Wife® and I will pop em in from time to time and revisit our favorite bloodgultch moments.


----------



## Klarkykat (May 21, 2010)

Guild McCommunist said:
			
		

> Klarkykat said:
> 
> 
> 
> ...



Ah now. I'm sorry that i can't give many reasons. But for me it's just not funny. With a lot of this geeky kind of humour i just find it a little cringy. 

But whatever. Other people find it hilarious and that's cool.


----------



## Geekzam (May 21, 2010)

I've watched every RvB episode, including the PSA videos and I am currently waiting for the next episode on Monday. 
I like Red VS Blue.


----------



## The Catboy (May 21, 2010)

I love Red vs Blue, I have seen every episode, an old friend of mine had the DVD sets.


----------



## purechaos996 (May 21, 2010)

RvB is amazing lol I think I've just about every episode and I look forward to the new on this monday the new CG effects are sweet. Arby N the Chief is also very funny I enjoy those too.


----------



## Edgedancer (Jun 21, 2012)

Since Season 10 just started I thought I might pull this thread back up to the top to see if there is any renewed interest in Red vs Blue. I know that its been years since the last post but hey, Its still a massive fandom of mine.


----------



## Hells Malice (Jun 21, 2012)

The later seasons where they actually do custom animations are god damn awesome. I've watched those specific seasons several times.
It NEVER gets old watching Tex beat the shit out of the guys with glorious custom animations.
I've always enjoyed the comedy in the series though.

Had no idea Season 10 even started. I'll probably check it out now. Thanks for the heads up.


----------



## Guild McCommunist (Jun 21, 2012)

I think I got up to the point where one of them gets stuck in Marathon Durandal.

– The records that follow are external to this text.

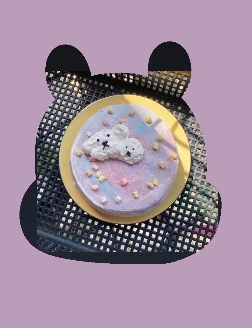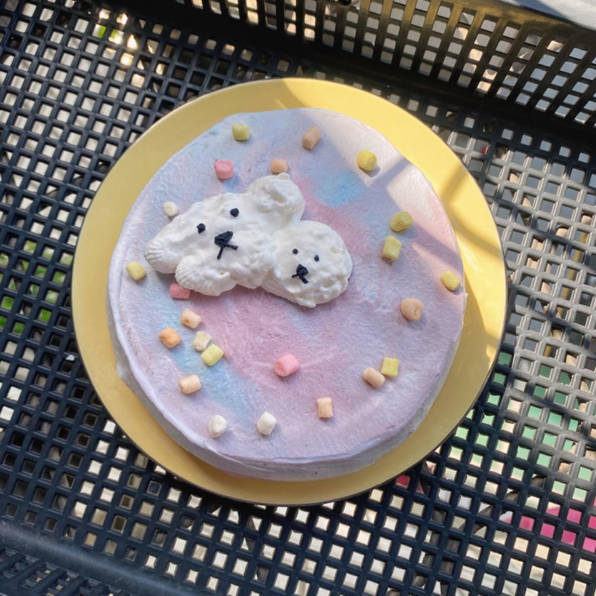 這次的成品有點不滿意哈哈哈 本來要做其他造型的 結果調色不滿意 七弄八弄就變成了暈染的蛋糕 然後今天天氣比較熱,奶油在我手中開始融化😂可怕😱 最後灑上棉花糖再擺上兩隻像棉花糖一樣的狗狗 就完成了
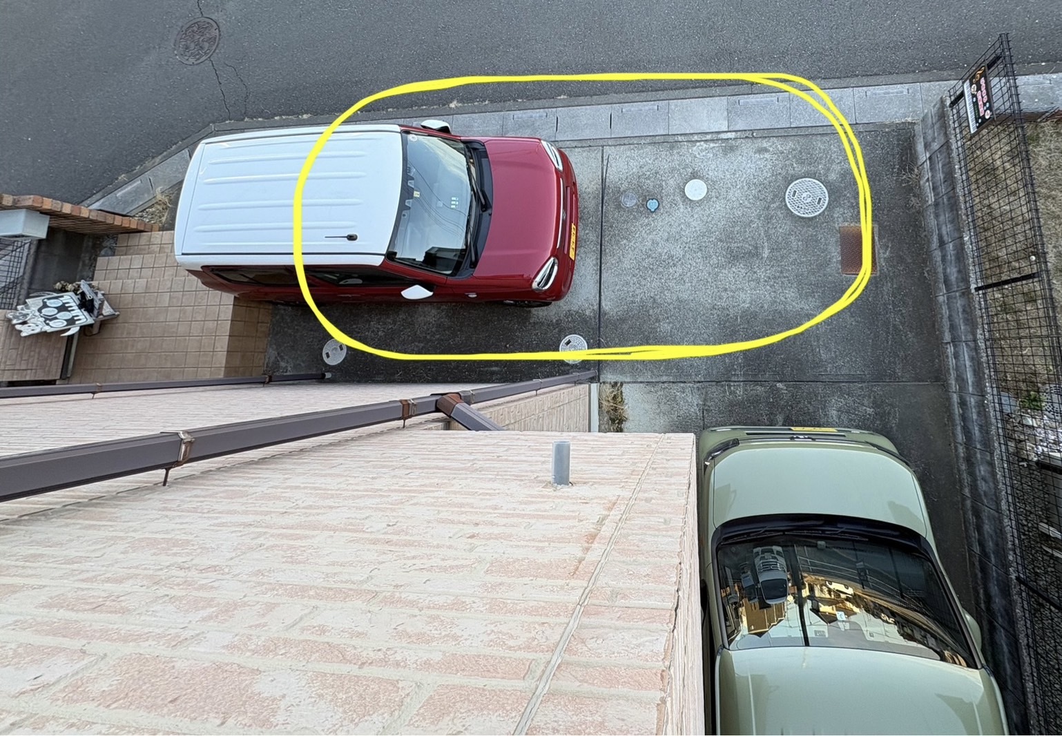 ※駐車する際はピンクのラインに収まるよう、なるべくお停めください。
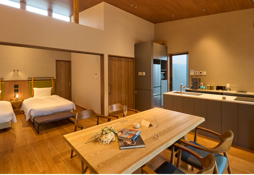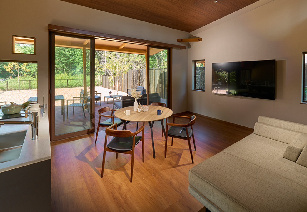 宿泊施設、ヴィラ、コテージ群、温浴・サウナ棟、レストラン、ワークスペース、地域交流施設
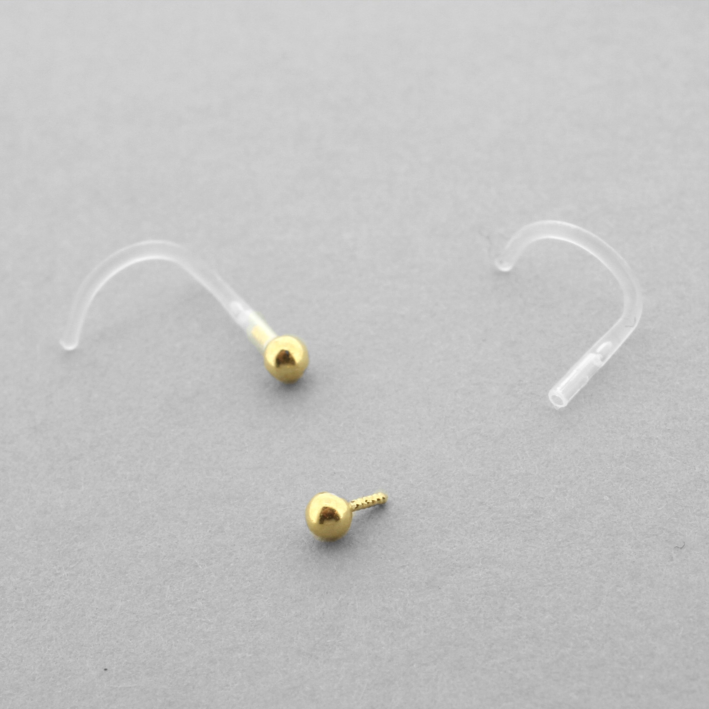 Supercomfortabel en stylish! Fijne nosestud gemaakt van Bioplast met een dikte van 0,8 mm. Aan de bovenzijde is deze nosestud voorzien van een 18 karaats gouden insert. Het staafje van de nosestud is rond gebogen zodat het sieraad goed op zijn plek blijft zitten. Stijlvol en comfortabel sieraad voor je neuspiercing!
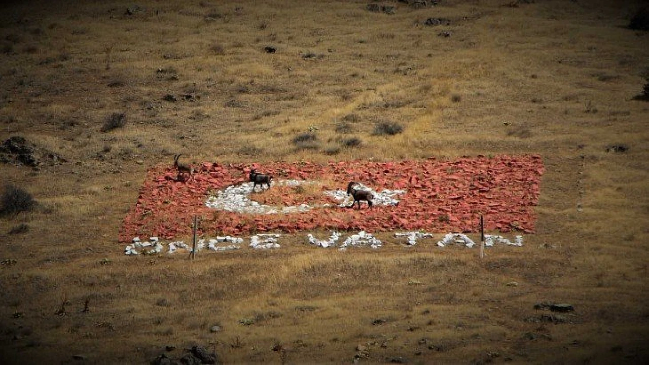 Dağ keçilerinin, Elazığ'da 16 şehri birbirine bağlayan Kömürhan Köprüsü mevkiinde taşlarla oluşturulan Türk bayrağı ile bir kareye girmesi güzel görüntü oluşturdu. Bu sırada bölgeden geçen bir bir sürücünün keçilere seslenmesi gülüşmelere neden oldu.
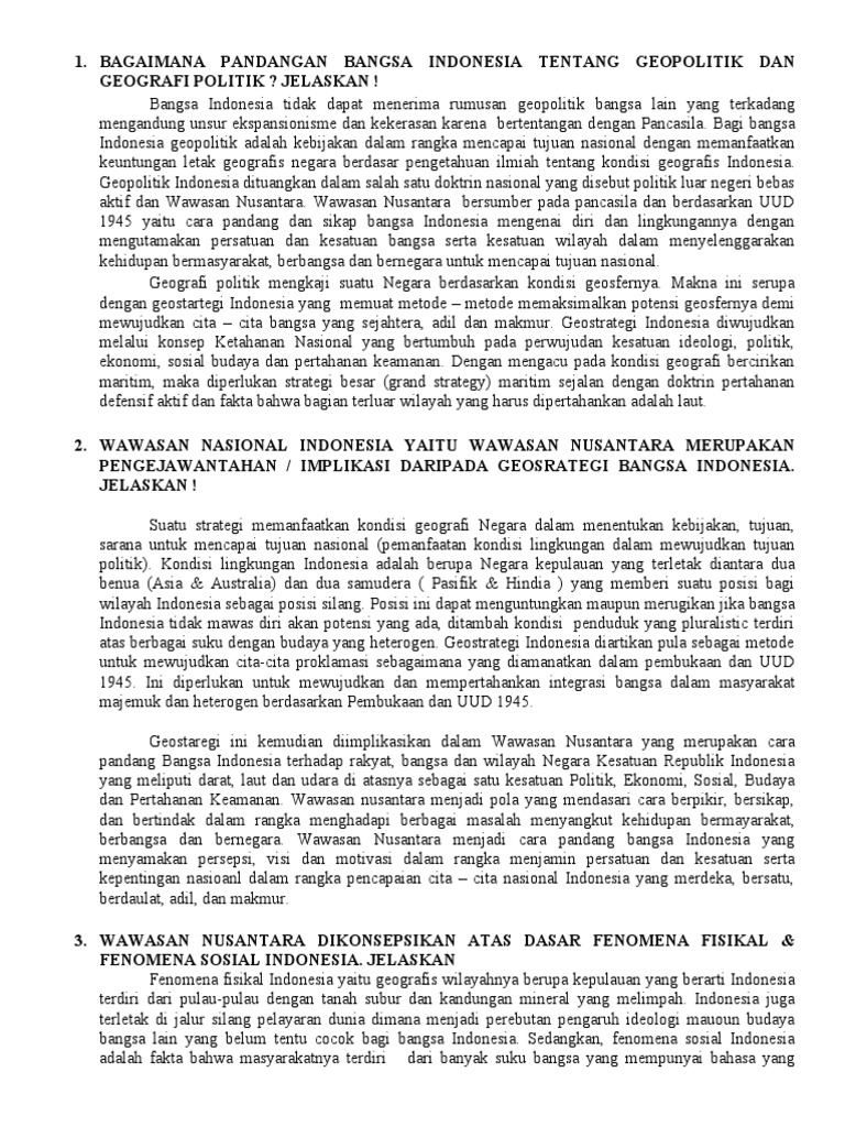 Mengapa geopolitik dikatakan sebagai ilmu bumi politik jelaskan alasannya. Apakah pengertian wawasan nusantara yang anda ketahui. Berikut ini adalah beberapa soal yangmenyangkut wawasan nusantara. Wawasan nusantara bab i pendahuluan latar belakang salah satu persyaratan mutlak harus dimiliki oleh sebuah negara adalah wilayah kedaulatan di samping rakyat dan pemerintahan yang diakui. Implementasi ini juga akan menciptakan kehidupan masyarakat dan bangsa yang rukun dan bersatu tanpa membedakan suku asal usul daerah agama atau kepercayaanserta golongan berdasarkan status sosialnya. Contoh soal tes wawasan kebangsaan twk ini saya kumpulkan dari beberapa aplikasi simulasi cat cpns yang dilengkapi dengan jawabannya.

I do like the series though, I've always been impressed by the production behind the Halo and Halo 2 set of stuff. It takes a lot of time to set up stunts correctly and get the correct camera angles in goddamn Halo. I should start up again, even if you don't like Halo, the comedy is pretty good.


----------



## Supersonicmonk (Jun 21, 2012)

Damn, thought it was a Pokemon thread.


----------



## Gahars (Jun 21, 2012)

I watched the show for the longest time but fell out with the newer episodes as it became more and more story focused. I don't think it's bad, by any means, but I just kind of lost interest.


----------